スマホで時刻を確認する。14時前。もうあと20分くらいしたらヴァールと神谷さんが来るかな? それまで暇だしとスマホゲームを起動する。
こないだ結局課金しちゃったんだよね……そしてあえなく爆死してしまった。とてもかなしい。しかも年齢登録による課金上限にも引っかかっちゃって、今月はもう1円だって課金できないという。もう踏んだり蹴ったりな感じでしょんぼり気分だ。
「さておき、イベント周回はしないとなあ」
別にしなきゃいけないってわけでもないんだけど、日課と染み付いていると半ば義務みたいになっちゃうのよね、これが不思議と。
そんなわけで短い時間だが、浮いた時間でイベント周回という地味な地獄を繰り返していく俺である。一方で他の面々はというと、各々なりに暇潰しに興じていた。
「ところで伝道師香苗。先日、救世主様に弟子入りしたという二人の使徒候補についてなのですが」
「ええ、使徒宥。鹿児島天乃さんと新潟花夢さん……それぞれ救世主様より教えを授かるという、まさしく天恵を受けし者達。是が非にも、ともに信仰を志す新たなる使徒として迎え入れるべき者達と言えましょう」
「やはりそうなのですね! エリスさんもそうですが有望な方々が────」
「しかし焦ってはいけません。急いては事を仕損じると言いますから、ここは少しずつ忍び寄るように伝道の影を────」
香苗さんと宥さんは何やら、山のほうに寄っていってヒソヒソ話をしている。うっすら聞こえるんだけど、明らかに密談だろうそれを無理に聞き耳立てるのもよくない。

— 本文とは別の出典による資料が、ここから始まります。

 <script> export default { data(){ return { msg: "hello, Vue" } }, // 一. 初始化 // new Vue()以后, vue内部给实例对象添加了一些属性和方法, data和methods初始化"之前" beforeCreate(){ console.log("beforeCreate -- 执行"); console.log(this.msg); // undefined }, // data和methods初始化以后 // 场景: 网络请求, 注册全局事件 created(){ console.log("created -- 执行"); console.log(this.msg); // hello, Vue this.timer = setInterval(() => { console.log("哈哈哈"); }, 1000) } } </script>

けれどついつい聞こえてきてしまった分から察するに、恐ろしい話だけれどこの方々、こないだ俺からいろいろ教わりたいって言ってきたアメさんやガムちゃんのことを、もう把握しているらしい。
エリスさんも含めて3人をターゲットに、何やら不穏なことを話していらっしゃる。
クワバラクワバラ。聞かないほうが少なくとも精神の安寧は保てそうだ。イベント周回をポチポチ進めながら、今度はエリスさんと葵さんを見る。
翠川を軽トラックの荷台に放り込んだお二人は、ウィリアムズさんに何やら質問を繰り返していた。能力者犯罪捜査官としての、取り調べのご様子だ。

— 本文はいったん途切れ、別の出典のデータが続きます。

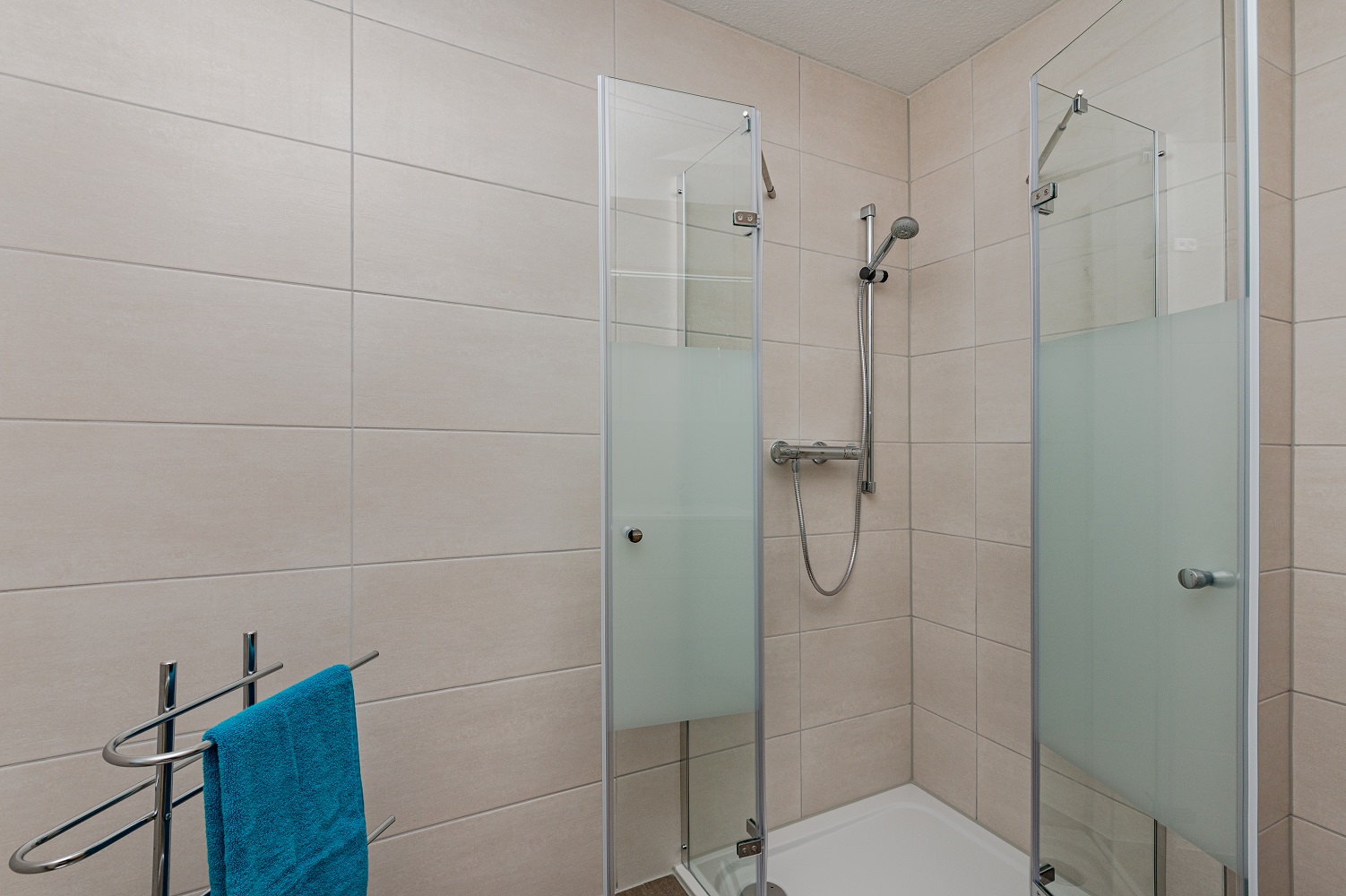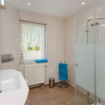 - 1 modernes Bad mit Dusche, Waschtisch und WC

「君の身元についての確認はヴァールさんと神谷くんが来てから改めて確認するとして……なんの任務を受けてどういう流れでこんなことになったんだい? ウィリアムズ嬢」
「……任務の内容については神谷様の許可を得てからお話します。経緯について今話せるとすれば、そうですね。運悪く翠川に見つかってしまい、やつの趣味に巻き込まれかけたという所でしょうか」
「趣味? え、もしかしてちょっとやらしめなやつですか?」
「人気のない山奥に女連れ込んで、って? あり得る話だけど葵、発想が物騒すぎてエリスさんは悲しいよ」
翠川の趣味とやらに巻き込まれかけた、と語るウィリアムズさんに、かなりアレなことを問いかける葵さん。

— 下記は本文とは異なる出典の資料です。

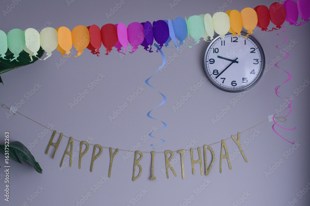 Colorful birthday decorations with a clock showing afternoon time and vibrant balloons hanging across the wall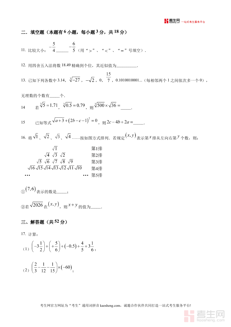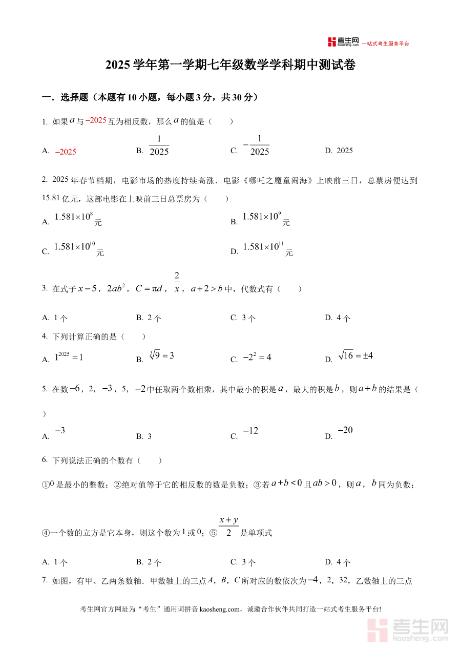 《精品解析:浙江省宁波市鄞州实验中学2025-2026学年七年级上学期期中数学卷(原卷版)》是针对2025-2026学年浙江省宁波市鄞州实验中学七年级上学期期中数学考试编制的专业备考资料。该资料严格保留了期中数学考试原卷的呈现形式,能够真实反映该学校七年级上学期期中数学考试的考查框架、命题风格及题型分布特点,为使用者提供贴近实际考试场景的参考依据,帮助其提前熟悉考试的整体结构与要求。

エリスさんがそんな愛弟子に白い目を向けているけど、正直俺も最初に二人を発見した時よもや逢引か!? なんて思っちゃったのであんまり言わないでほしい。俺に刺さるの。
当のウィリアムズさんは何やら想像しちゃったのか、若干頬を染めて不服そうに葵さんに答えた。
「断じて違いますし、仮にそのようなことであれば私は全力で抵抗しています。翠川の趣味とは、バトルです」
「はあ。バトル」
「やつはスキルを用いた者同士の戦いに目がないんです。モンスター相手でなく、スキルを持つ者相手に喧嘩を売りたがる輩なのですよ」
「あー……いるねたまに、そういうの」
エリスさんがげっそりした感じで言う。バトルに目がない、いわゆるバトルジャンキーってやつか、翠川は。
しかも対象がスキルを持つ者に限られている。対モンスター相手のバトルジャンキーって話なら、探査者にはそこそこいるしアンジェさんやランレイさんも、そんなきらいはあったけど……翠川はもう完全に、スキルの比べ合い競い合いに執着してるって感じみたいだな。
「私とも、戦って勝ってから始末するつもりでいたようです。自在に移動できる謎のスキル、《座標変動》がある時点で私に勝ち目がないのは明らかでした。ですからどうにか話で留めつつ逃げられないか、隙を探っていたところに──」
「私達が割って入ったってわけね。なるほど?」
バグスキル《座標変動》は紛れもなく翠川のみに与えられた一点物のスキルだ。効果も汎用性が高いし、戦闘でも上手く使えば凶悪な性能を誇るだろう。
それを踏まえて、最初から勝つことはできないと悟っていたウィリアムズさんを、結果的に助ける形で俺たちが仕掛けたって流れなわけか。
ブックマークと評価のほう、よろしくお願いいたしますー
【ご報告】
もうあと半月で発売されます
「攻略!大ダンジョン時代 俺だけスキルがやたらポエミーなんだけど」
2巻の特典についてご報告いたします!
各書店様の特典はそれぞれ
・佐山の日常
・関口の昔日
・逢坂の不安
の、3種類となっております!
また電子書籍特典はマリアベール視点からみた山形についてを描いた前日譚になっています!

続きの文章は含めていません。